1 septembre 2006:
Plusieurs jours passés à réfléchir. Des heures de réflexions dans le but de m'aider. Des réflexions pour me dissuader de cette croyance inchangeable. Dure comme fer, elle me ronge depuis ma jeunesse. Elle a apporté cette phobie. La peur de mourir. Thanatophobie, due à mon athéisme.
Je ne crois en rien. Aucune croyance divine, aucune présence spirituelle supérieure. Nous sommes là par évolution. Nous ne devons qu'à nous-mêmes ce que nous sommes devenus. Et sans croyance, il n'y a forcément pas de Paradis, d'Enfer, de vie éternelle. La mort se résume à la déconnexion du cerveau. On reste dans le même état éternellement qu'à l'instant t-1. Voilà ma théorie. Le même état, éternellement. Chacun meurt dans une souffrance. Quelle que soit la forme du départ, le résultat est le même : à l'instant t-1, on souffre. Cela peut-être une douleur croissante, comme la maladie qui nous emporte lentement, ou une douleur instantanée, très puissante, comme une balle dans la tête. Si le cerveau "s'arrête" à cet instant précis, on reste dans cet état, éternellement...
Eternellement. Je ne parle pas d'années, de décénies, de millénaires, à constamment ressentir cette douleur, douleur qui nous a anéantis ; Je parle d'une éternité. C'est cela qui me fait peur. Même le fait de savoir que tous sont passés par ici, y passent encore, et y resteront sans fin, ne me fait rien. A ce moment je suis égoïste. Moi, je le subirai. Que je le décide ou non, je le subirai. Eternellement.
Et.. si mes calculs, convictions intimes, croyances indélébiles étaient fausses ? Si la mort était simplement le repos éternel ? Ou encore, si elle était simplement rien ? Cette dernière hypothèse est tout bonnement impossible à concevoir pour des êtres pensifs tels que nous. Mais.. Si l'on ne ressentait rien ? La douleur instantanée, puis.. rien. Je ne pourrais plus le penser évidemment, mais j'aurais trouvé mon équilibre, et j'en serais satisfait.
Dieu ? Allah ? Buddha ? Et s'il existait finalement cette.. chose divine ? La sanction catholique pour un acte de suicide serait un millénaire enfermé dans l'Enfer, aux prises de Satan.

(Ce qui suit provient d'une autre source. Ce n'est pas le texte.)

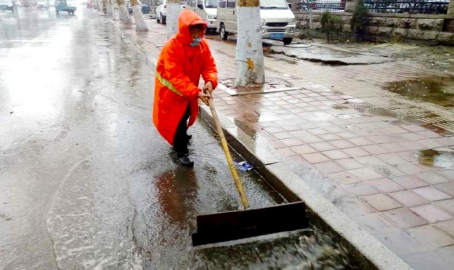 清晨,环卫工人们早早地到街上开始清扫积水,在无暇雨水的肆虐下,为了快速恢复路面交通,他们齐心协力,纵志成城。致敬可爱的环卫工人们!为他们点赞!
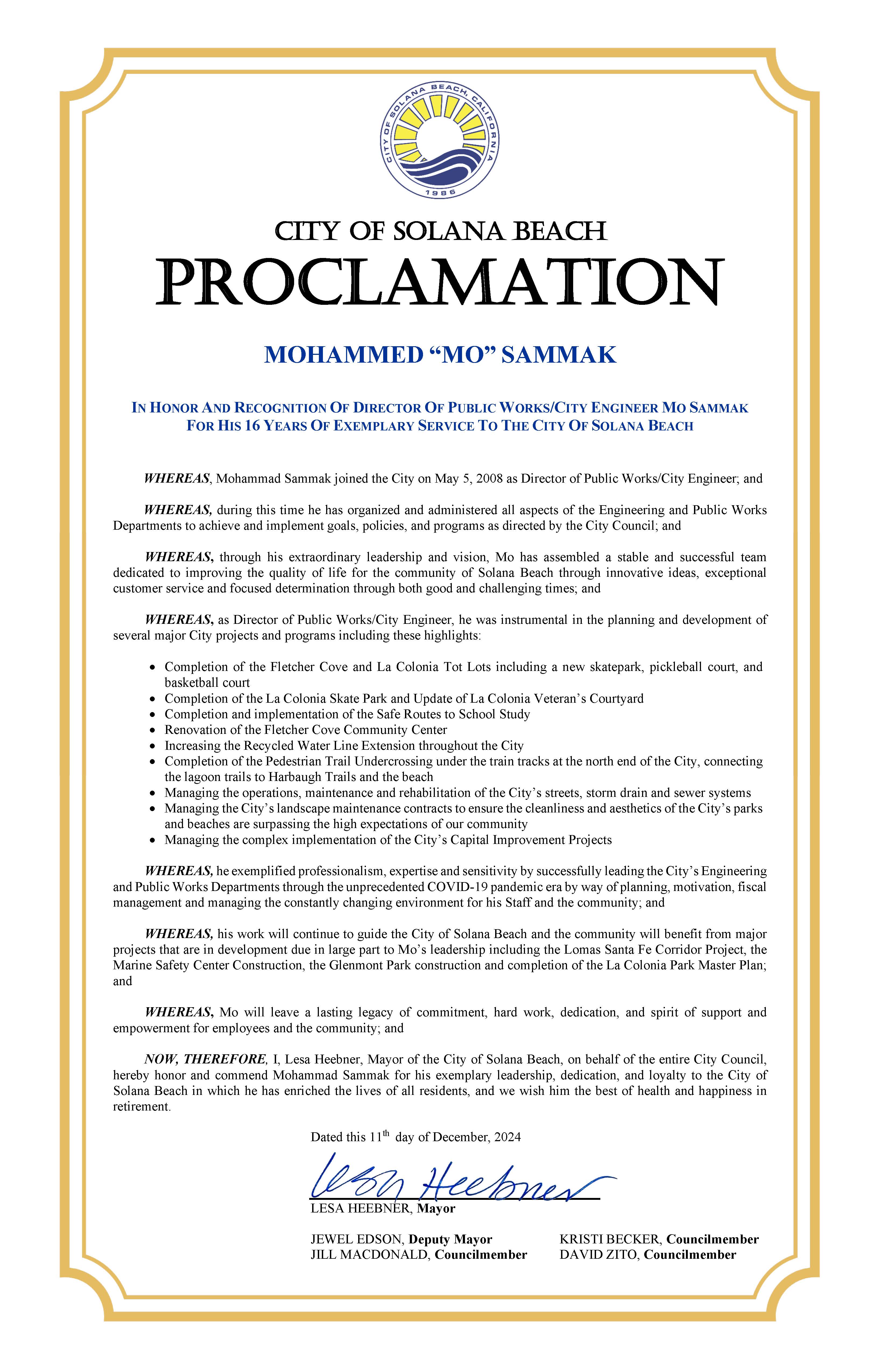 The City of Solana Beach bids a heartfelt farewell to Mo Sammak, our Director of Public Works/City Engineer, as he retires after 16 years of exemplary service. While we are excited for Mo as he begins this well-deserved next chapter, his leadership, dedication, and kindness will be deeply missed by the community he served so passionately.
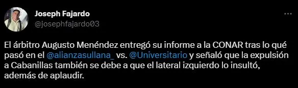 Ahora, con el paso de los días, se conoció qué puso el juez principal en su informe: “El árbitro Augusto Menéndez entregó su informe a la CONAR tras lo qué pasó en el Alianza Atlético de Sullana vs. Universitario de Deportes, y señaló que la expulsión a Cabanillas también se debe a que el lateral izquierdo lo insultó, además de aplaudir”.
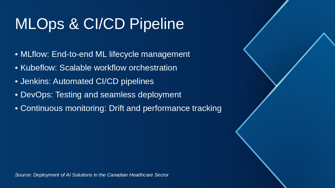 Phase 1: Data Collection Gather diverse healthcare data from EMRs, sensors, and patient records securely. Phase 2: Data Prep & Cleaning Clean, normalize, and preprocess data for quality, removing biases and ensuring compliance. Phase 3: Model Training Train AI models using ML frameworks on prepared datasets with healthcare-specific features. Phase 4: Validation & Testing Rigorous testing for accuracy, fairness, explainability, and regulatory compliance like PHIPA. Phase 5: Deployment & Monitoring Deploy via secure APIs, continuously monitor performance, and retrain to handle drift.
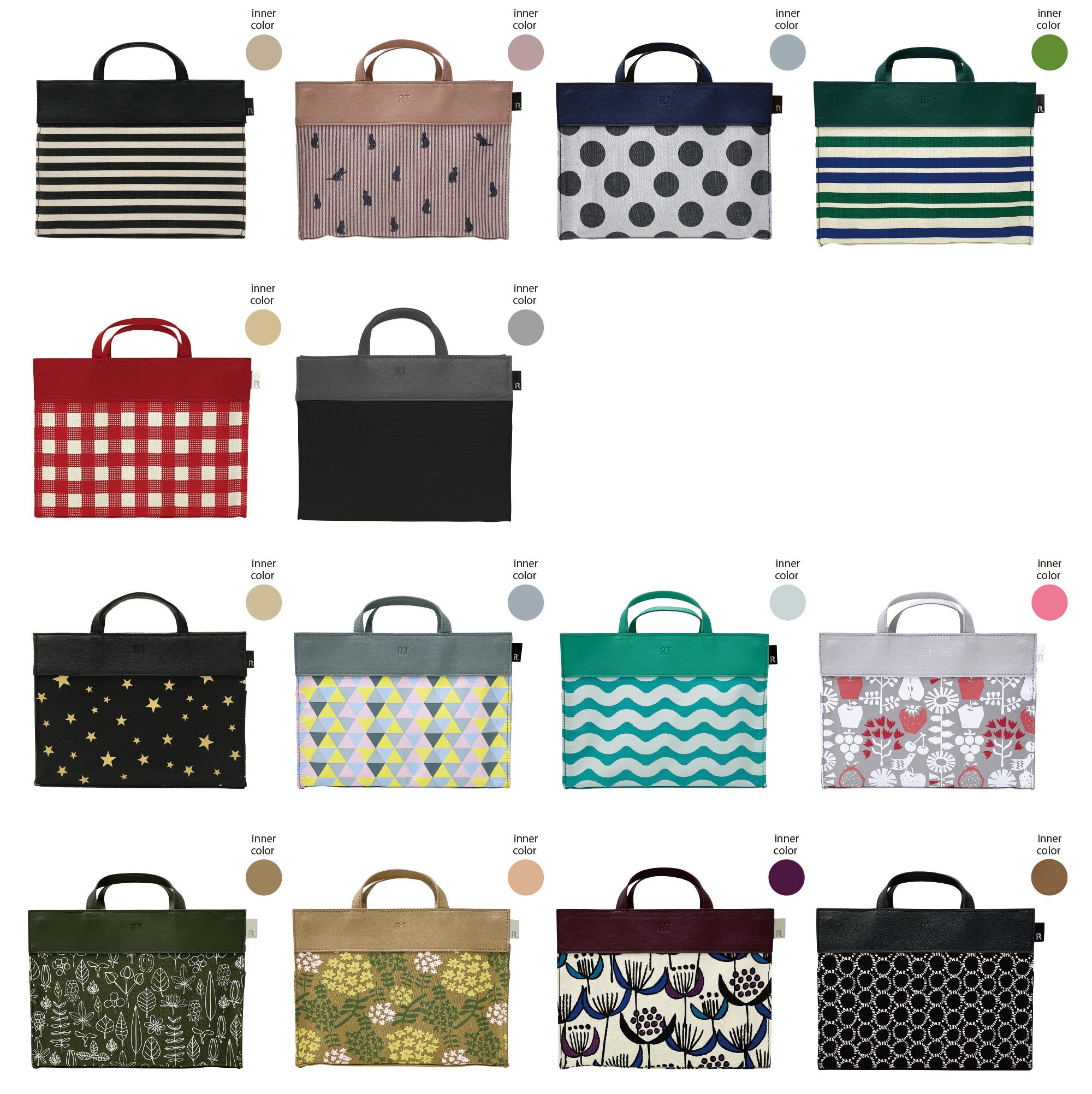 LT.RC.Remo-te-C 2,970円(6793 01 BLACK-Stripe、02 CAT、03 NAVY-DOT、04 GREEN-Stripe、05 RED-check、06 BLACK)サイズ:W25×H19×D11cm 持ち手:15cm 素材:表地/綿 裏地/ポリエステル 持ち手/合成皮革 ドットボタン ポケット:外側2箇所、内側6箇所 ※1月下旬発売予定
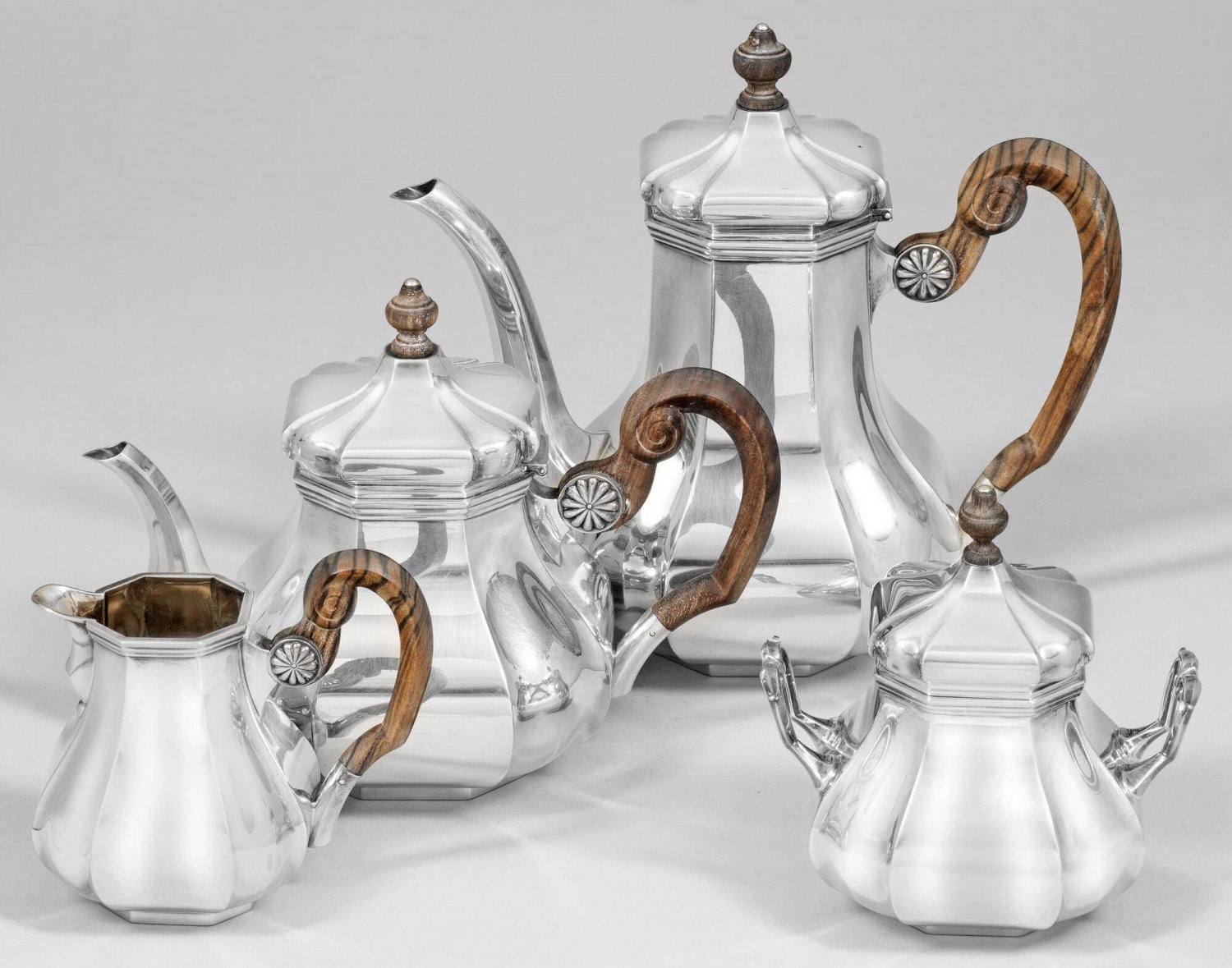 Kaffee- und Teeservice Silber. 4-tlg.; Kaffee- und Teekanne, Sahnegießer und Zuckerdose. Gedrückt bauchiger Korpus mit geschweiften Ecken. Tief angesetzte Tülle, Volutenhenkel aus Holz. Ein Knauf besch.; Gest., Beschaumarken, Jahresbuchstabe g und h, Herstellerzeichen. Gew. zus. ca. 1500 g.

Je trouve la sanction particulièrement forte dans ce cas. Je passe vingt-deux ans à souffrir, moi l'enfant que la vie a oublié. Et si je fais quelque chose pour m'en sortir, pour m'éviter de continuellement souffrir pendant mes soixante années restantes, je me retrouve enfermé dans une pire situation pendant des millénaires. Rien que cette théorie religieuse ne peut qu'être fausse. Ce n'est pas juste.
Je déciderai de ma mort. Je n'ai jamais été libre dans ma vie. Je veux l'être au moins à cet instant. Je le ferai quand je me persuaderai que la mort en vaut la peine. Quand ma Thanatophobie sera révolue. A cet instant t-1, je sourirai. Je déposerai les armes. Je lâcherai ma peine. Je la partagerai entre tous ceux qui tiennent à moi. Elle sera bien plus supportable, divisée entre tous. Et moi je serai libéré. Je serai heureux de mourir. En paix.
Peut-être faudrait-il que j'aille voir un psy, mais dans une optique différente que précédemment. On travaillera sur cette Thanatophobie, et ainsi je pourrai partir tranquille.
Pour ceux qui ne ressentent pas la peine qui me ronge, pour ceux qui ne me comprennent pas ; Je voudrais simplement vous conseiller de vivre, de profiter de l'instant. Car c'est quand on chute que l'on se rend compte de ce que l'on perd. Moi j'ai perdu, parfois de ma faute, parfois cela m'a été imposé. Et je sais ce que j'ai perdu. Je le quantifie. Et je sais très bien que je ne pourrai jamais retrouver cet équilibre que j'avais aupravant, aussi furtif qu'il ne fût.